The standard tax year in Ireland is the calendar year, January 1st to December 31st. Note, however, that alternate tax years are acceptable as long as they are 12 month periods.
The following chart summarizes the obligations of Ireland taxpayers with respect to payment dates and deadlines in Ireland.
Annual corporate income tax returns must be filed by the 23rd day of the 9th month after the end of the accounting period. The return must include the calculation of tax payable and all supporting documentation and other details relevant to the enterprise's tax liabilities. An authorized agent is permitted to make the return on the enterprises behalf.
In cases of an enterprises winding up, the tax return must be filed within three months of the commencing of the winding up process.
If an enterprise feels any items are in doubt, they are allowed treat such items to the best of their belief. These doubtful items must be disclosed when filing the return, which will generally provide protection from interest penalties due as a result of a subsequent adjustment by the tax authorities. Late returns, however, will not qualify for such protection. In addition, protection will be denied if used to avoid or evade tax, or if the doubt is based on disagreement with published interpretation of tax legislation.
Final payment of the tax liability is made at the time of the annual return, and all returns and payments must be done electronically.
Financial statements must be prepared and audited by a registered auditor and submitted along with the annual tax return.

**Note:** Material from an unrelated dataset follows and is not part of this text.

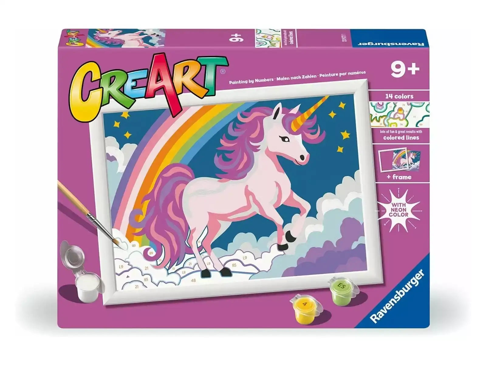 ¿Te imaginas pintar un unicornio rosa neón que brilla con solo seguir los números? Pues con el set CreArt de Ravensburger lo vas a pasar en grande. ¡Prepara tus pinceles y convierte un lienzo blanco en una auténtica obra de arte mágica!
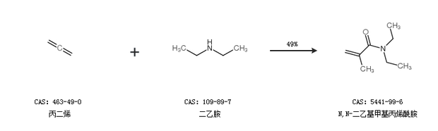 1.通过丙二烯和二乙胺合成N,N-二乙基甲基丙烯酰胺,收率约49%;

Certain private limited companies are not required to have their financial statements audited. The small business criteria for exemption include:
- Balance sheet total not exceeding EUR 4.4m;
- Turnover not exceeding EUR 8.8m; and
- Employees not exceeding 50.
Medium sized companies may be exempted from the full extent of the requirements relating to annual financial statements in respect of any financial year if in respect of that year and the financial year immediately preceding that year the company satisfies two of the three following conditions:
- Balance sheet total not exceeding EUR 10m;
- Turnover not exceeding EUR 20m; and
- Employees not exceeding 250.
Large companies, however, must file full financial statements which consist of:
- Full balance sheet;
- Profit and loss account;
- Auditor's report; and
- Directors' report.
The following company types are not exempt from producing audited financial statements regardless of meeting the above criteria:
- Public limited companies;
- Unlimited companies;
- Parent or subsidiary companies;
- Banks and other financial institutions;
- Companies limited by guarantee;
- Insurance companies; and
- Financial intermediaries
In the case of enterprises with a previous year's tax liability of greater than EUR 200,000, initial preliminary tax payment is due by the 23rd day of the sixth month following the end of the previous period. The amount due is either 50% of the previous year's tax liability or 45% of the current year's tax liability.
The second preliminary payment (or only payment in the case of enterprises with previous year's tax liability less than EUR 200,000) must be made by the 23rd day of the 11th month following the end of the previous period. The amount payable is the remaining balance of 90% of the current period’s tax liability or 100% of the previous year's tax liability.
Small companies continue to pay preliminary tax in one installment, 31 days before the end of the accounting period. However, where this date is later than day 21 of a month the payment must be made by day 21 of that month.
There is an extension of two days rom day 21 to day 23] for those companies which file their returns and payments electronically.
Enterprises registered for VAT in Ireland are required to submit an annual statistical return of trading details. The Return includes a breakdown of the supply of goods and services, imports and deductible inputs at the various VAT rates applicable during the year, including all Irish, Intra-EU and non-EU trade. The timing of the return is based on the accounting period of the company, and must be submitted by the 19th of the month after the end of the period.
Ireland requires that all returns, payments and other filing be made using their electronic service, Revenues Online Service (ROS). https://www.ros.ie
Companies incorporated in Ireland are required to hold an annual general meeting within 18 months of incorporation. Subsequent meetings must be held within nine months of the end of the company's accounting period and within 15 months of the previous meeting. Companies with a single shareholder are not required to hold annual general meetings.
All companies incorporated in Ireland must submit an annual return and financial statements to the Companies Registration Office. The return should include the following:
- Registered office of the company;
- Authorized and issued share capital;
- Shareholders Information;
- Directors and secretary information;
- Any transfer of shares since last return; and
- Any political donations
The annual return date is set by the Companies Registration Office based on the date of incorporation of the company, though this may be changed once every five years. The date must be within nine months of the end of the accounting period of the company, and the return must be filed within 28 days of that date.